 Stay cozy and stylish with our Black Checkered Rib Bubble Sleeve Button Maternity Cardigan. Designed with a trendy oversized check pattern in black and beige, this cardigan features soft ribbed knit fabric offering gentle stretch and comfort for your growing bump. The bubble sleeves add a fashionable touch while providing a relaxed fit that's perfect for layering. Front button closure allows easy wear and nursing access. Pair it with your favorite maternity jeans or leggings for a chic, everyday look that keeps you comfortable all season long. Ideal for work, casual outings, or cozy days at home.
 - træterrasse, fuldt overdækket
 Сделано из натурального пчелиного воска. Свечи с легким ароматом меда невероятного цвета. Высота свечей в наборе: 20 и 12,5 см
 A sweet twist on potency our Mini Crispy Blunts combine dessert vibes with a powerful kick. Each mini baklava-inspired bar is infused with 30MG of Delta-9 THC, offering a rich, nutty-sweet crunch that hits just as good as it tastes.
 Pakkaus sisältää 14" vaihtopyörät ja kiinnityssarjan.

---

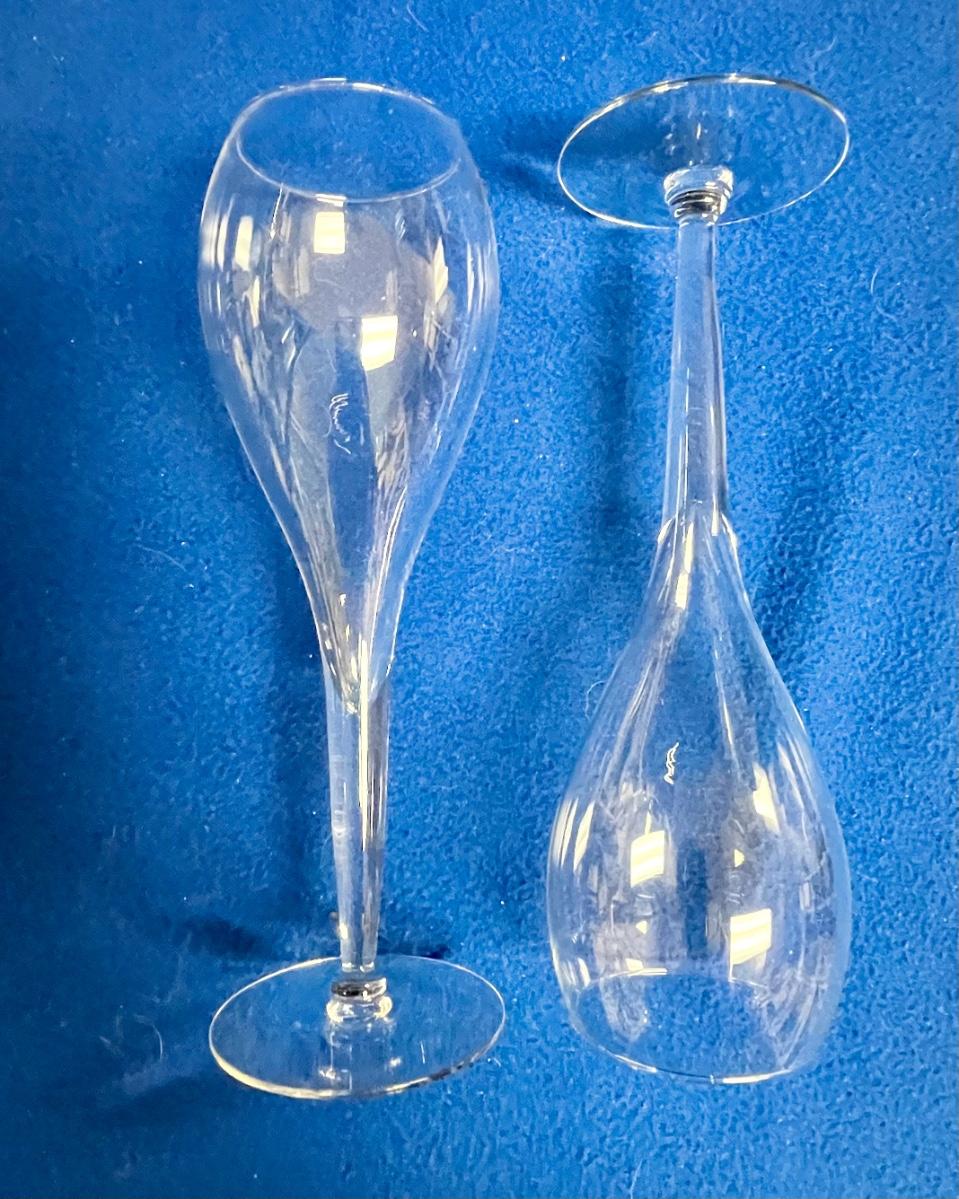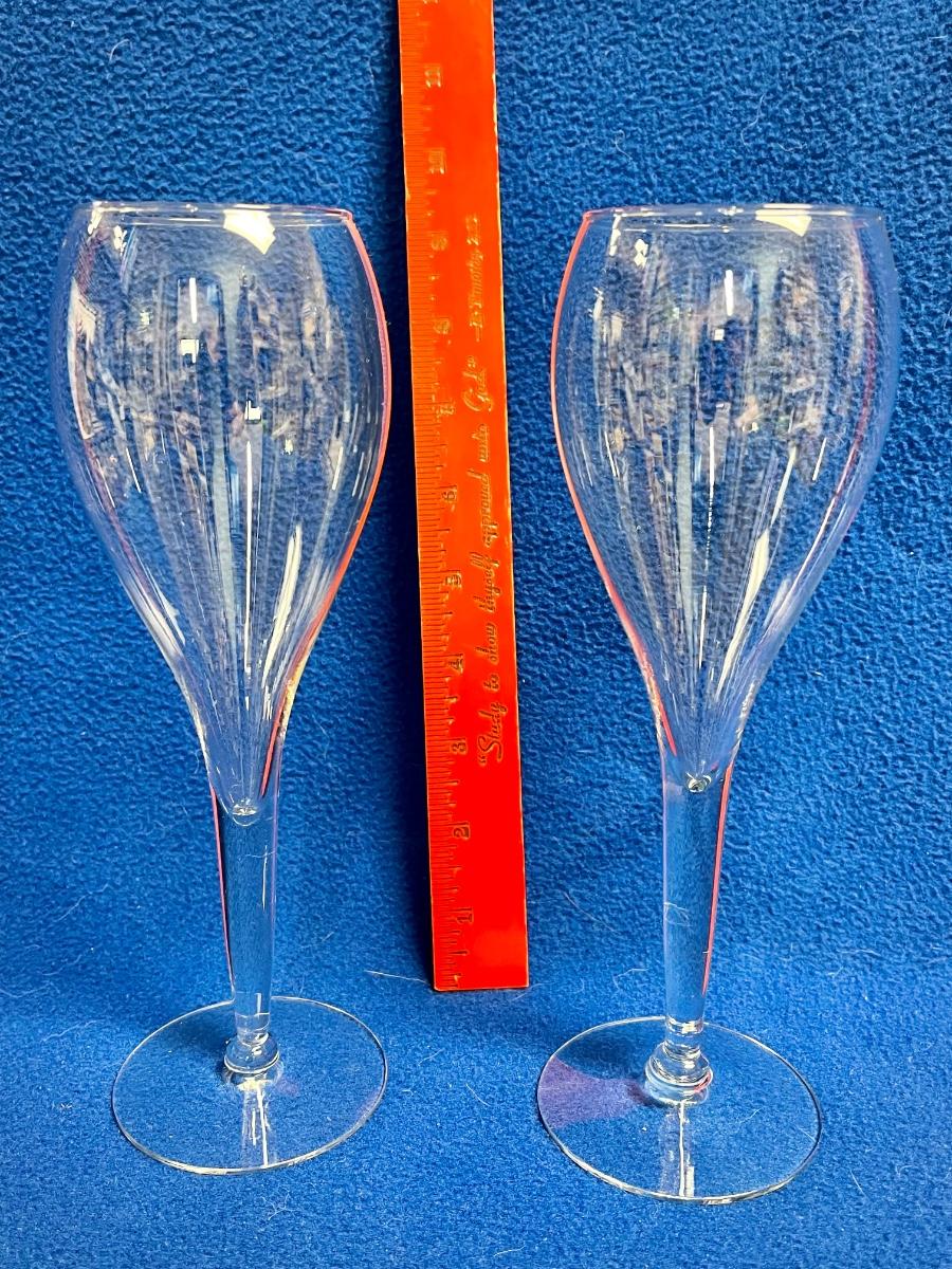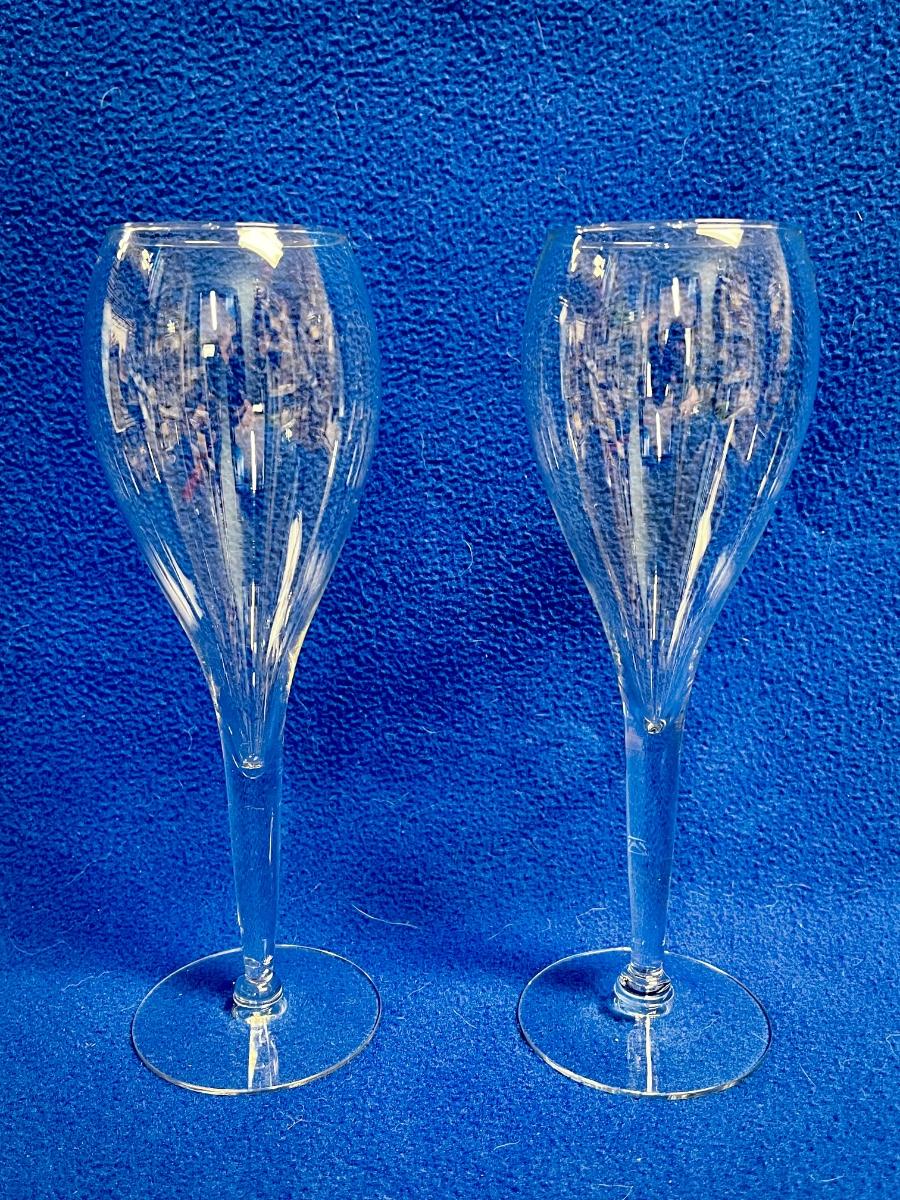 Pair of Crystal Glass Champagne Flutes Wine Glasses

• _REQUIREMENT_
Copy every line above that holds the word "offering".

• _RESPONSE TO THIS TASK_
 Stay cozy and stylish with our Black Checkered Rib Bubble Sleeve Button Maternity Cardigan. Designed with a trendy oversized check pattern in black and beige, this cardigan features soft ribbed knit fabric offering gentle stretch and comfort for your growing bump. The bubble sleeves add a fashionable touch while providing a relaxed fit that's perfect for layering. Front button closure allows easy wear and nursing access. Pair it with your favorite maternity jeans or leggings for a chic, everyday look that keeps you comfortable all season long. Ideal for work, casual outings, or cozy days at home.
 A sweet twist on potency our Mini Crispy Blunts combine dessert vibes with a powerful kick. Each mini baklava-inspired bar is infused with 30MG of Delta-9 THC, offering a rich, nutty-sweet crunch that hits just as good as it tastes.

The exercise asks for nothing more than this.